Unhewn Throne 01 - The Emperor's Blades(35)



Kaden had started to tremble beneath the icy water. The heat he had built up hauling tiles all afternoon was little more than a memory now, swept over the ledge with the chill current.

“Do you know why you are here?” the monk asked after an interminable pause.

“To learn discipline,” Kaden replied, trying not to catch his tongue between his chattering teeth. “Obedience.”

Tan shrugged. “Important, both of them, but you could learn discipline and obedience from a farmer, a bricklayer. The Shin can teach you more.”

“Concentration,” Kaden managed.

“Concentration? What does the Blank God want with your concentration? What does it matter to him if an acolyte in a dim stone building is able to recall the shape of a leaf?” Tan spread his hands as though waiting for Kaden’s response, then continued. “Your concentration is an affront to your god. Your presence, your self, is an affront to your god.”

“But the training—”

“—is a tool. A hammer is not a house. A knife is not death. You muddle the method with the goal.”

“The vaniate,” Kaden said, trying desperately to control his shivering.

“The vaniate,” Tan agreed, repeating the strange syllables as though he were tasting them. “Do you know what it means?”

“Emptiness,” Kaden stammered. “Nothingness.”

Everything the monks studied, all the exercises the umials set their pupils, the endless hours painting, and running, and digging, and fasting, were aimed at that one constant goal: the emptiness of the vaniate. Two years earlier, in a frustrated moment, Kaden had been foolish enough to question the value of that emptiness. Heng had laughed out loud at the challenge, and then, smiling genially, replaced his pupil’s bowl and mug with two stones. Each day Kaden stood in the refectory line only to have the monk serving the food ladle his soup over the shapeless lump of granite. Sometimes a chunk of lamb or carrot balanced miraculously on top. More often, he was forced to watch in famished agony as the thick broth ran off the stone and back into the serving pot. When the monks filled their own mugs with deep drafts of cold water, Kaden could only splash the stone and then lick it off, the quartz rough against his tongue.

After two weeks, Heng brought out Kaden’s bowl and cup with a smile. Before he returned them, however, he hefted the rock Kaden had been trying to drink from. “Your mind is like this rock: full, solid. Nothing else can fit inside. You pack it with thoughts and emotions and claim that this fullness is something to be proud of!” He laughed at the absurdity of the notion. “How much you must have missed your empty old bowl!”

Over the following years, Kaden had worked diligently at the skill, learning how to hollow a space out of himself, out of his own mind. He hadn’t mastered it, of course—most monks didn’t reach the vaniate until their third or fourth decades—but he had made progress.

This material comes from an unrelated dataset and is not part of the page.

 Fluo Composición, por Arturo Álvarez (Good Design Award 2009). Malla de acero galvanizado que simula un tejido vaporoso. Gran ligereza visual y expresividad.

Memorization and recall, the saama’an, played a central role in the practice; they were the picks and levers with which the Shin pried away the self. Heng taught him that a packed mind resisted new impressions; it tended to force itself onto the surrounding world, rather than filling itself with that world. The inability to recall the shape of a thrush’s wing, for instance, indicated a mind transfixed with its own irrelevant ephemera.

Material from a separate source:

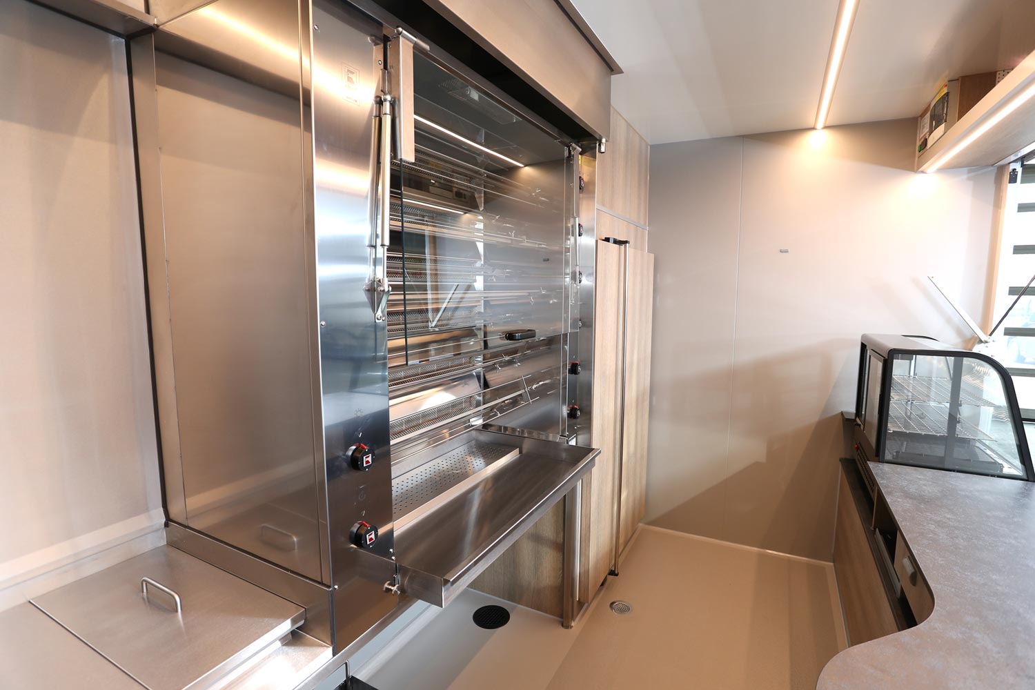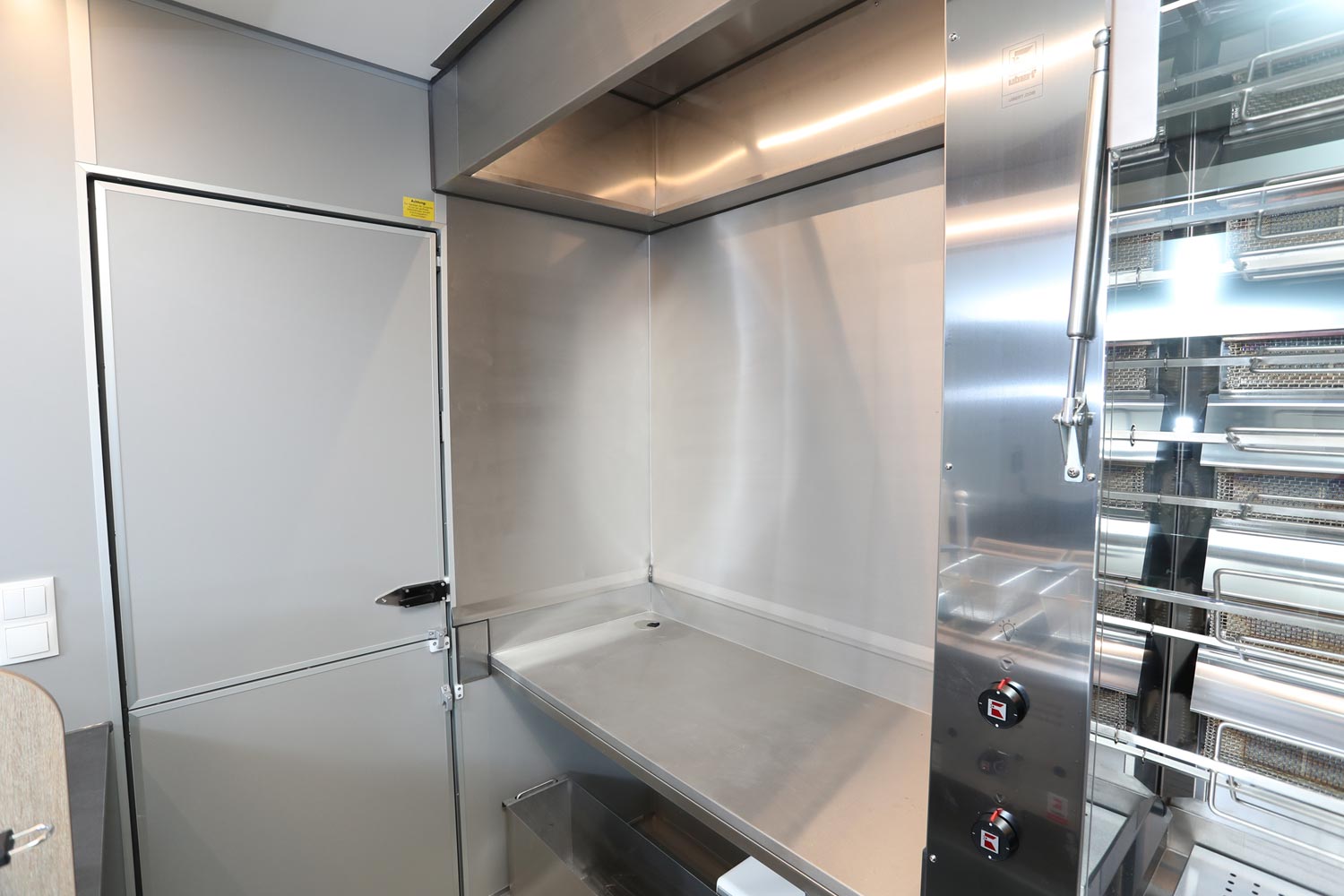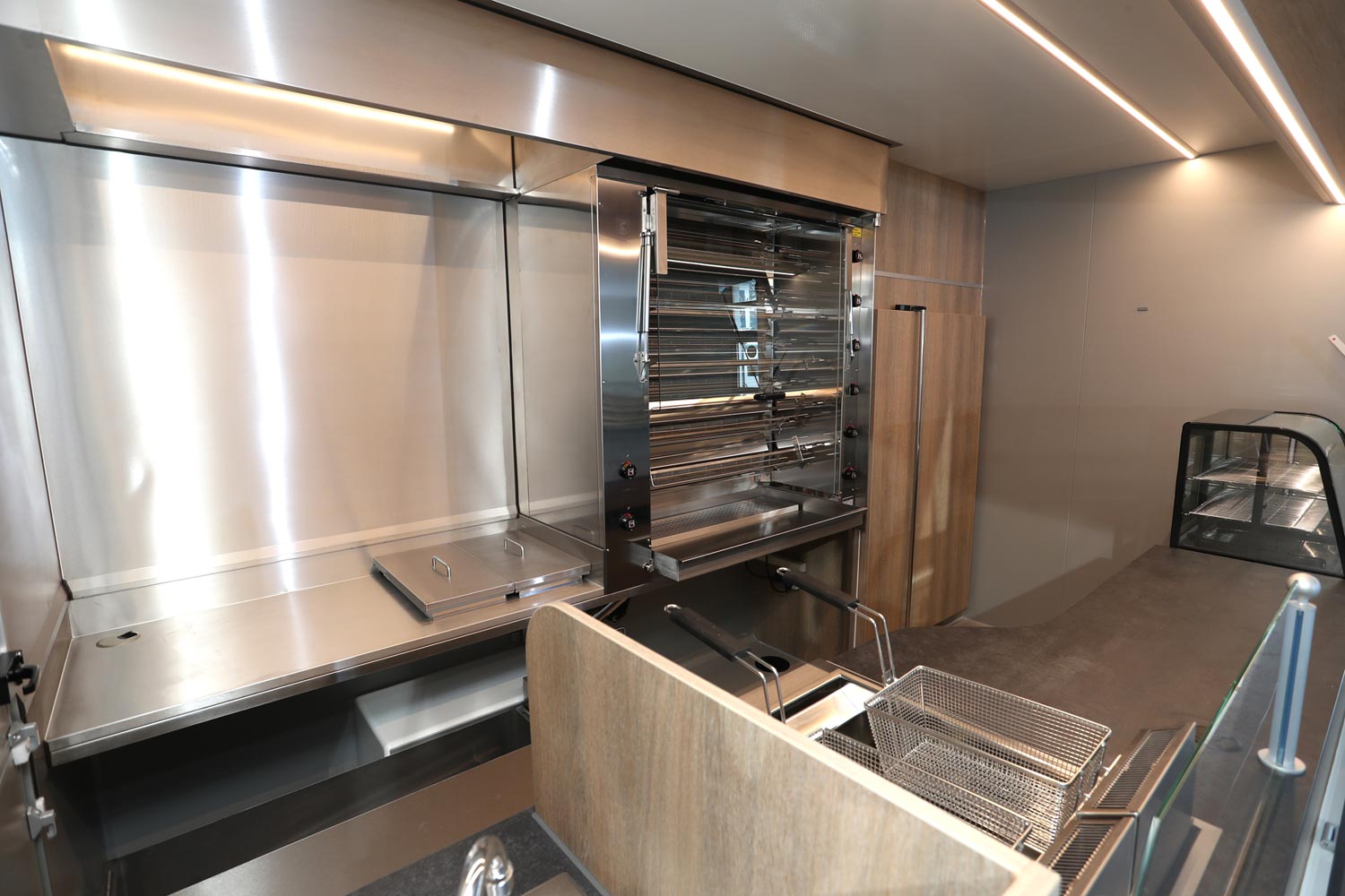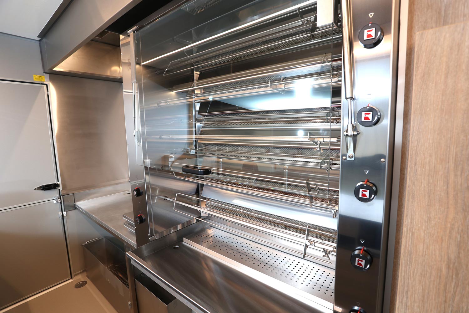 Infrarot Hähnchengrill, Doppelfritteuse mit Deckel, Rostgrill, Hochkühlschrank für Grillspieße, Kühlschauvitrine

And mind was not the only obstacle. The body, too, came packed with aches, itches, pains, and petty pleasures. When a monk emptied his mind of thought and emotion, the voice of the body proved all too ready to fill the void. To silence that voice, the Shin stood naked in the baking sun, ran barefoot in the snow, sat in the same cross-legged position for days on end as the muscles cramped and the stomach twisted itself into knots. As long as the body impinged on the mind, vaniate was impossible. So, one by one, the Shin confronted the demands of the body, faced them down, and discarded them.

The practice was not easy. Earlier in the year, Kaden had helped to carry the body of one of the acolytes from the bottom of a gorge. The boy, only eleven years old, had fallen to his death while trying to run away in the night. Such tragedies were rare, however. The umials knew the limits of their students, and the monk whose acolyte had fallen was subjected to severe penance. Still, the testers considered sliced feet, frostbitten hands, and broken bones an inevitable portion of a boy’s first five years at the monastery.

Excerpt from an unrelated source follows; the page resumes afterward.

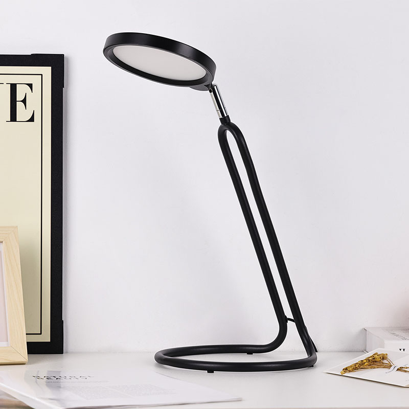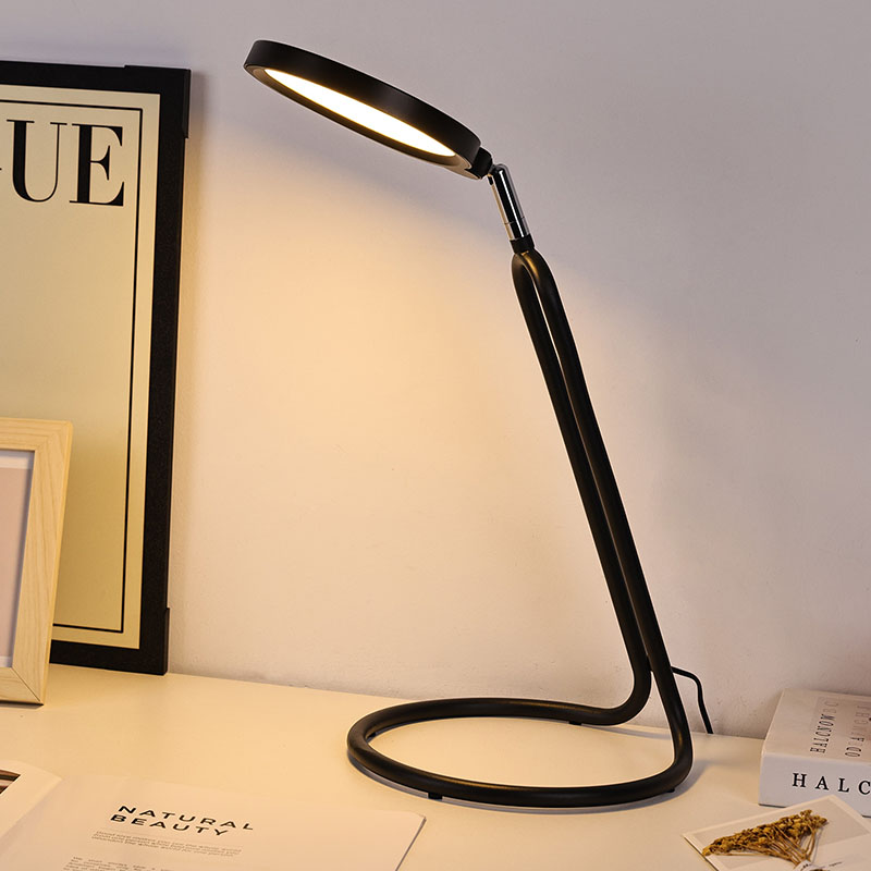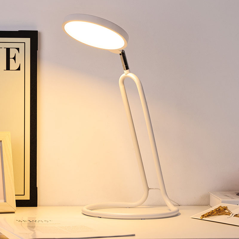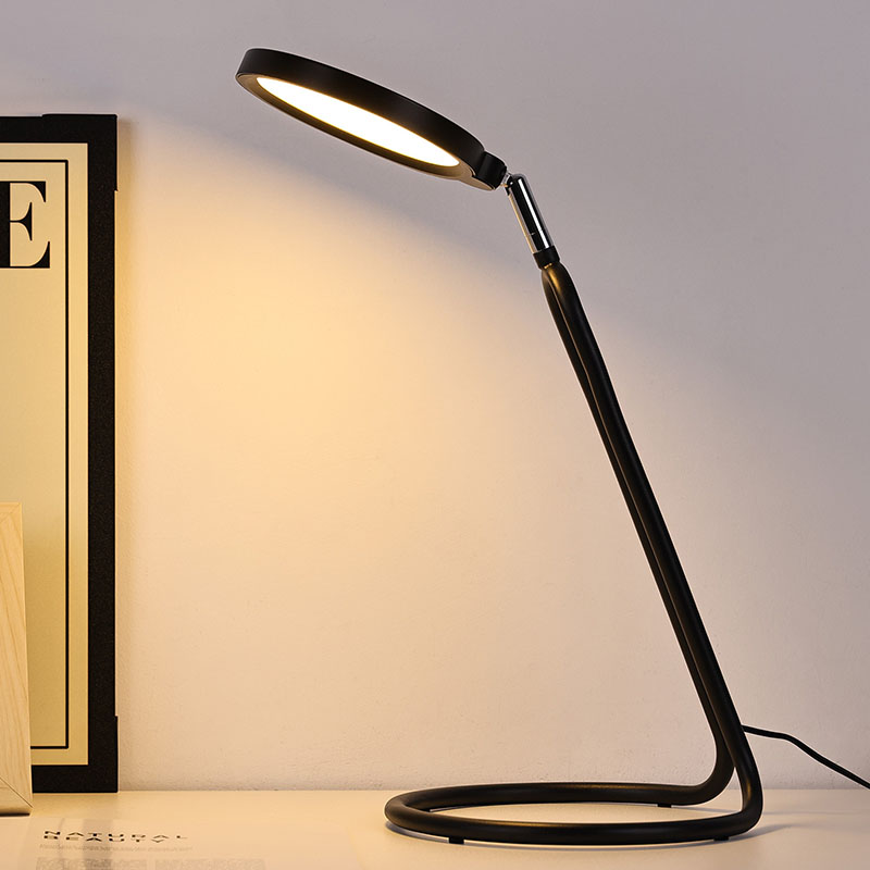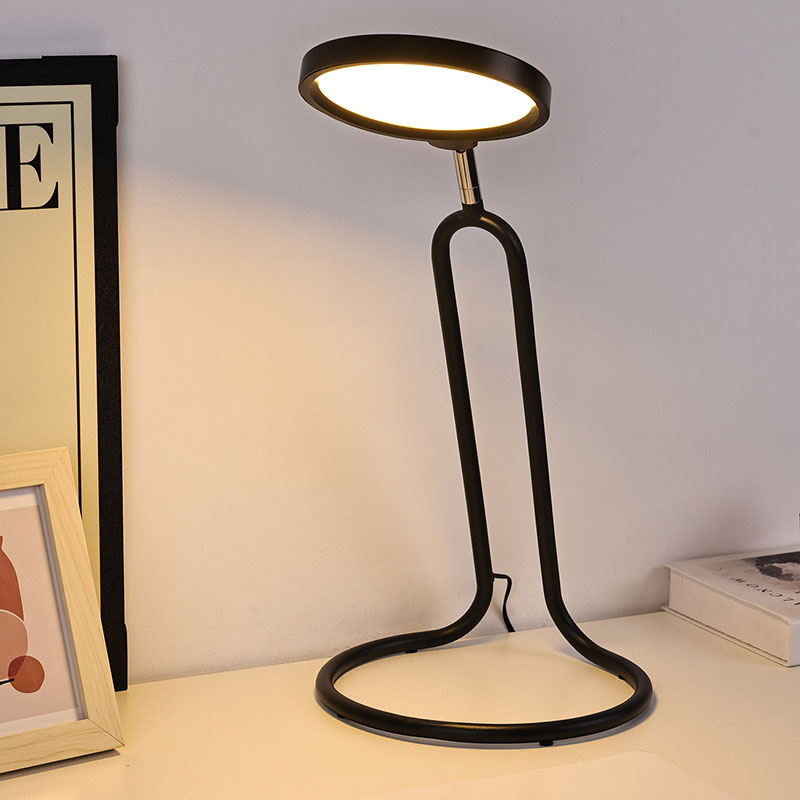 Ang pagiging simple ng LED desk lamp ay nagtatampok ng isang kapansin -pansin na itim at puting kulay na scheme, na may isang hubog na metal stand na sumusuporta sa isang bilog, puti o magaan na dilaw na lampshade. Ang disenyo na ito ay hindi lamang mukhang kamangha -manghang ngunit nagsisilbi ring magbigay ng malambot, nakapaligid na pag -iilaw na nagbabago sa iyong silid sa isang maginhawang kanlungan.

The quest for the vaniate never ended, of course, and even the oldest monks admitted to difficulties. The mind was a clay pot set out in the rain. A monk could empty it daily and still the old hopes and worries, the body’s meager strengths and perennial pains pattered against the bottom, trickled down the sides, filling it once more. The life of the Shin was a life of constant vigilance.